I tested the upgrade using pg_upgrade
with the --link
option, this takes less than a minute. I also tested the upgrade regularly (without --link
) with many jobs, that takes several hours (+4).
Questions
Now the obvious choice is of cause for me to use the --link
option, however all this makes me wonder - is there any downsides (performance or functionality wise) to using that over the regular slower method? I do not know the internal workings of postgresql data structures, but I have a feeling there could be a performance difference after the upgrade between rewriting the data entirely and to just using hard links
- whatever that means?
Considerations
The only thing I can find in the documentation about the drawbacks of --link
is the downside of not being able to access the old data directory after the upgrade is performed https://www.postgresql.org/docs/11/pgupgrade.htm However that is only a safety concern and not a performance drawback and doesn't really apply in my case of replicating the data first.

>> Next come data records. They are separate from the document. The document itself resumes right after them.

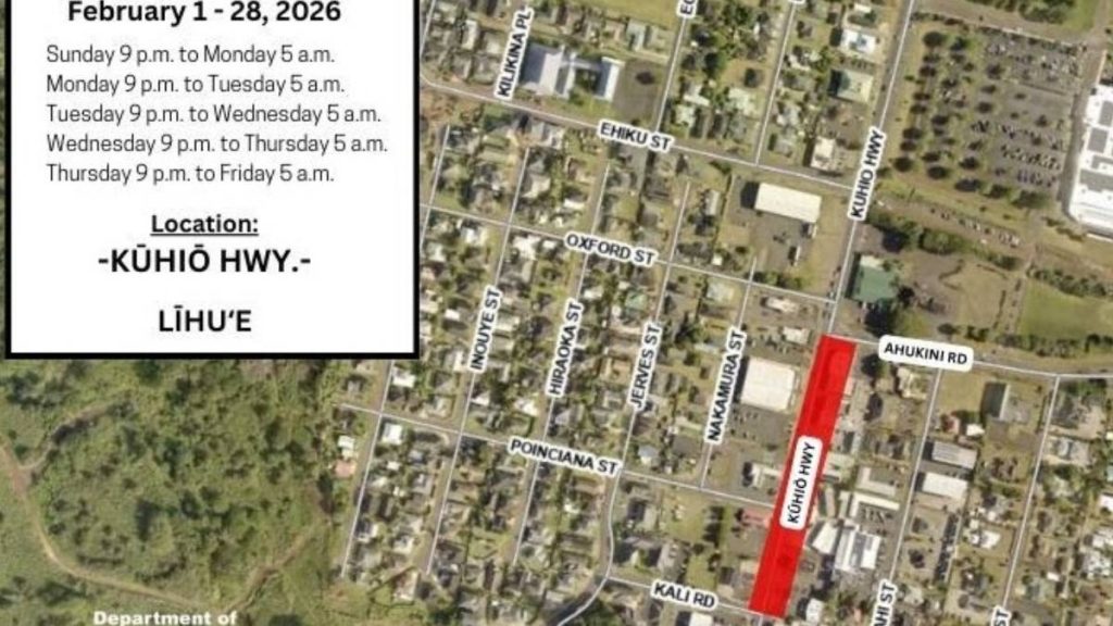Single lane closures scheduled next week for Ala Kinoiki Road in Kōloa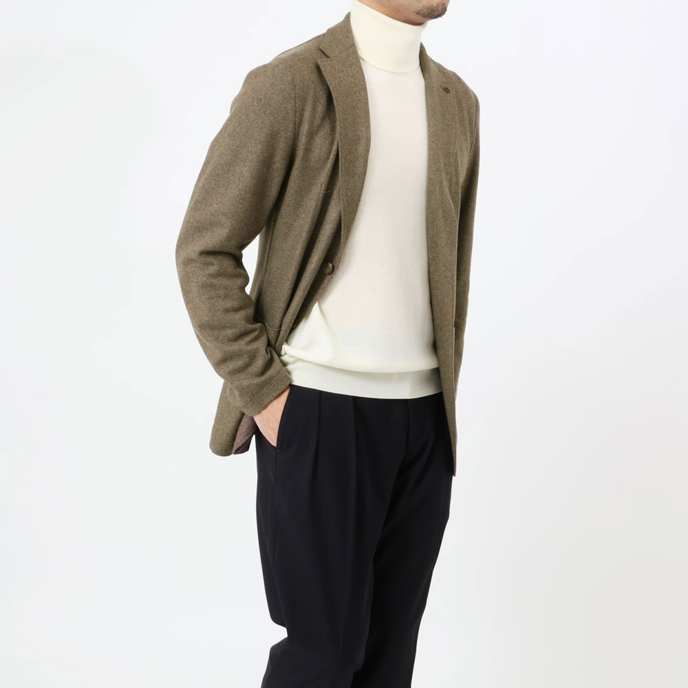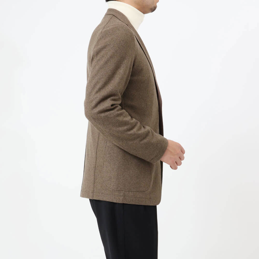 構築的な仕立てながらも力の抜けたリラックス感が絶妙。まるでカーディガンを羽織っているかのような軽さと伸縮性で“疲れ知らず”。オンにもオフにも活躍する万能な一着です。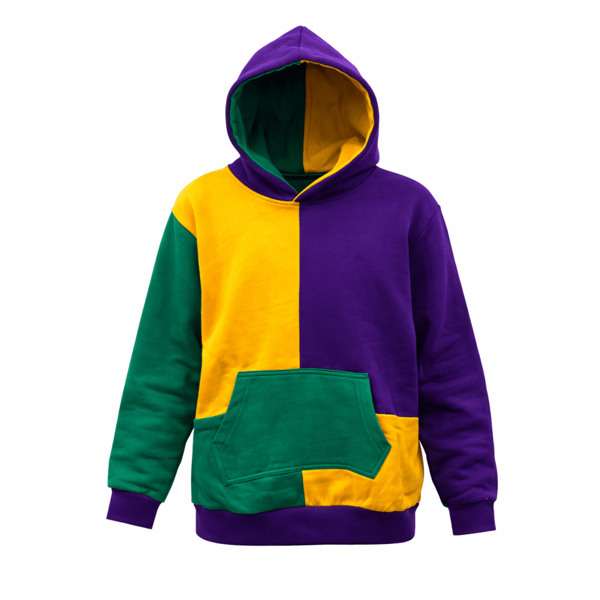 Celebrate Mardi Gras in bold style with this Youth Mardi Gras Color Block Pullover Hoodie, designed to keep kids comfortable, warm, and festive all season long. Inspired by the iconic colors of New Orleans Mardi Gras, this hoodie features a striking purple, green, and gold color-block design that captures the energy of parade days, school spirit events, and family celebrations.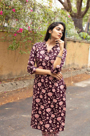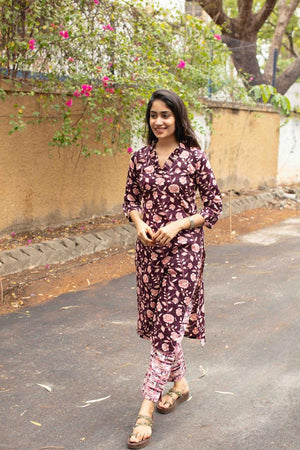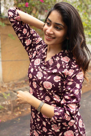 Majenta Pleated V neck Kurti set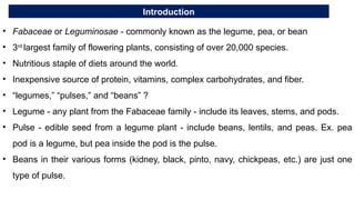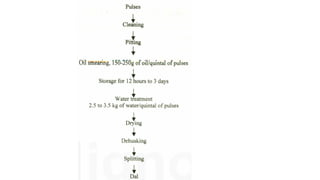 The document provides an extensive overview of legumes and pulses, covering their classification, nutritional composition, and production status. It details the structural components of pulses, their health benefits, antinutritional factors, and the methodologies involved in pulse milling across different scales. Additionally, it discusses the advancements in milling technology aimed at improving efficiency and reducing waste.
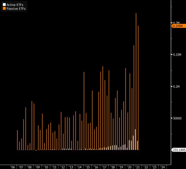 彭博ETF分析师詹姆斯·塞法特表示,在 2020 年末到 2021 年初的重要月份中,很多主动型资金流向了伍德的资金,主动型 ETF 的整体表现比过去要好,但被动型仍占据主导地位。
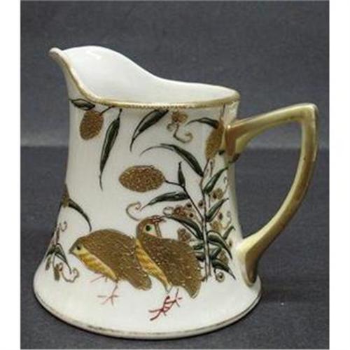 GORGEOUS ANTIQUE JUG,MADE BY MITSU - BPSHI - CHINA WARE - JAPAN,EXQUISITE HAND DECORATED ARTISTIC WORK DONE BY HAND IN GOLD AND BLACK ENAMEL, AMAZING DETAIL AND QUALITY - as per images, IT STANDS 4" HIGH, EXCELLENT CONDITION,GOLD IS THIN ON THE SPOUT AND HANDLE BUT STILL VERY GOOD, US BUYER TO PAY 7.00 FOR SHIPPING PLUS INSURANCE.THANKS.

The only other thing I can think of is reclaiming space, with whatever performance upsides that might have. However as I understand it, that can also be achieved by running a VACUUM FULL DATABASE
(or CLUSTER
?) command after the --link
-upgraded database has been upgraded? Also the reclaiming of space is not very impactful performance wise on an SSD as I understand.
I appreciate if anyone can help cast some light into this.